Exercise 1: Parallel Map

Implement a parallel version of the map function.

import Control.Parallel.Strategies (parList, rpar, using)

parallelMap :: (a -> b) -> [a] -> [b]
parallelMap f xs = map f xs `using` parList rpar

main :: IO ()
main = do
    let list = [1..1000000]
    print $ parallelMap (+1) list

Solution:

  • Use parList and rpar to parallelize the map function.

Exercise 2: Parallel Fibonacci

Compute the nth Fibonacci number in parallel.

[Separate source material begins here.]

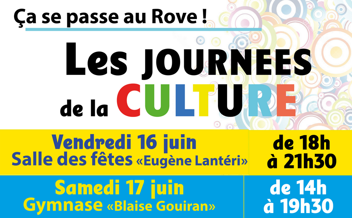 Après l'audition de l'école municipale de musique (le 3 juin dernier) et avant le spectacle de fin d'année de l'école municipale de danse (le 21 juin), le Rove met à l'honneur les talents culturels de la commune dans le cadre des journées annuelles de la culture. Conférence, Chant, Théâtre, Expositions, Atelier, Rencontre rythmeront ces journées. Demandez le programme ...

import Control.Parallel (par, pseq)

fib :: Int -> Int
fib 0 = 0
fib 1 = 1
fib n = let x = fib (n-1)
            y = fib (n-2)
        in x `par` (y `pseq` (x + y))

main :: IO ()
main = print $ fib 30

Solution:

  • Use par and pseq to parallelize the Fibonacci computation.

Common Mistakes and Tips

  • Overhead: Parallelism introduces overhead. Ensure that the computations are large enough to benefit from parallelism.
  • Granularity: Too fine-grained parallelism can lead to inefficiency. Balance the granularity of tasks.
  • Lazy Evaluation: Haskell's lazy evaluation can interfere with parallelism. Use pseq to force evaluation order when necessary.

Conclusion

In this section, you learned about parallelism in Haskell, including key concepts, practical examples, and exercises. You now have the tools to implement parallel computations in Haskell, leveraging multi-core processors to improve performance. In the next section, we will explore the Foreign Function Interface (FFI) in Haskell.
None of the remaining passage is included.